Creating a chain of evidence can help you demonstrate the value of a program through its entire system using qualitative and quantitative data, when it is not easy or possible to go to the end source to find evidence of program outputs.
We are currently conducting an evaluation of The Climate Reality Project for the Australian Conservation Foundation (ACF). The Project has been running in Australian since 2006. Its objectives are to build public understanding and support for action on climate change, and to further political will. The Project relies on a ‘snowball’ mode of impact. Individuals attend a three-day intensive training program about the impact of climate change (delivered personally by Al Gore), and are supported by ACF to go out into their communities to educate and engage people about the impact of climate change on our society.
The Climate Reality Project supports the work of close to 450 presenters in Australia. One in 62 Australians have attended a presentation or discussion about climate change from someone who has participated in the Project.
Ideally, the evaluation would involve going to the source––the end-user––the community––to explore the extent to which community attitudes and behaviour have changed as a result of the Project, along with the influence it has had on political policy. But this would require population-based surveys, amongst other things. And as with all projects, there were limitations on time and budget, so this was not feasible.
Instead, we adopted a ‘chain of evidence approach’, as outlined by the Kirkpatrick model of evaluation. Donald Kirkpatrick, Professor Emeritus, University of Wisconsin, first published his theory in 1959 and his theory has become one of the most widely used and popular models for the evaluation of training and learning.
This approach involves using self-reporting mechanisms from participants, combined with available program participation and output data held by ACF. Using the ‘chain of evidence’ Kirkpatrick Model of evaluation, through self-reporting, we explored the the following:
To what degree participants react favourably to the training. It includes the degree to which participants are actively involved in and contributing to the experience. It also involves the degree to which training participants will have the opportunity to use or apply what they learned in training.
The extent to which participants acquire the intended knowledge (they know the relevant information), skills (they can do it right now), attitudes (they believe it will be worthwhile to do on the job), confidence (they think they can do it on the job) and commitment (they intend to do it on the job) based on their participation in the training event.
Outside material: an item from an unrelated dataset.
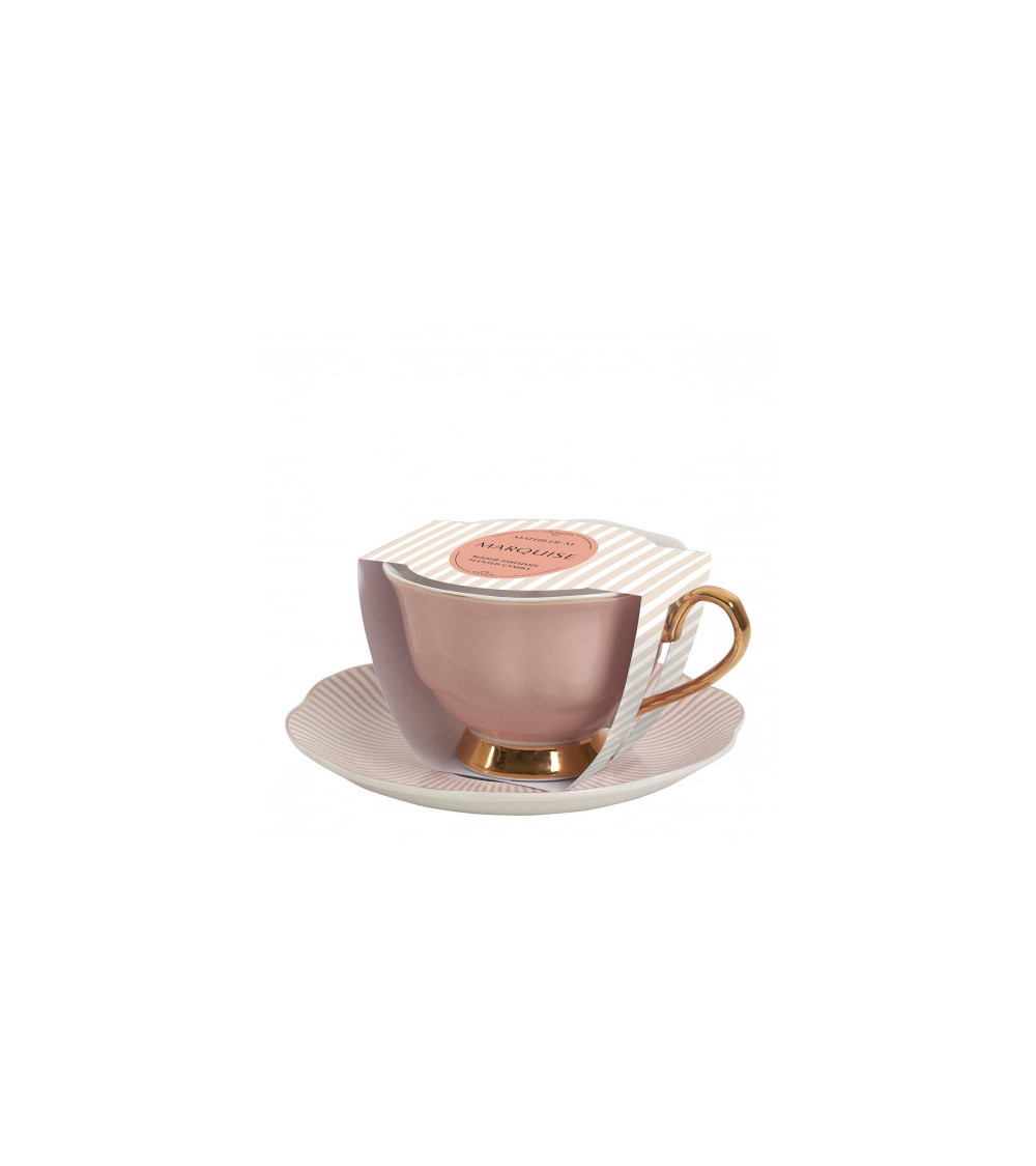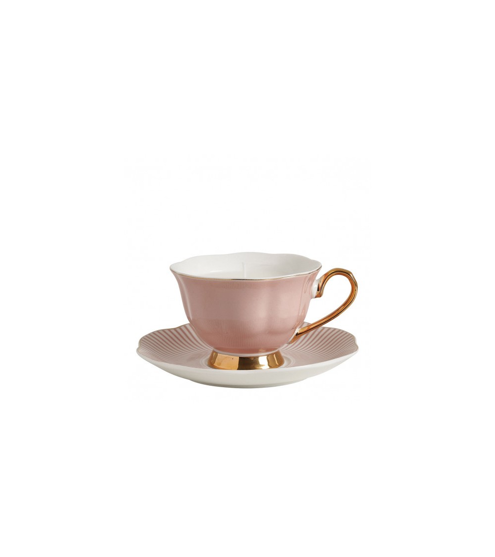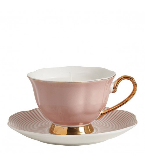 Candela profumata in tazza con piattino color rosa, appartenente alla collezione Madame de Rècamier del marchio Mathilde M.

The degree to which participants apply what they learned during training when they are out in their communities. For this to occur, there need to be processes and systems in place that reinforce, encourage and reward performance of critical behaviours in the community.
To what degree outcomes occur as a result of the training event and subsequent reinforcement. This relies on self-reporting by participants, and validation of outcomes and facts presented.
One of the main limitations with a chain of approach method of evaluation is that we are relying on accurate and honest self-reporting of people, which, by its nature, is subjective. But, combined with accurate and current program participation and outcomes data, this approach is useful when there are limitations on time and budget.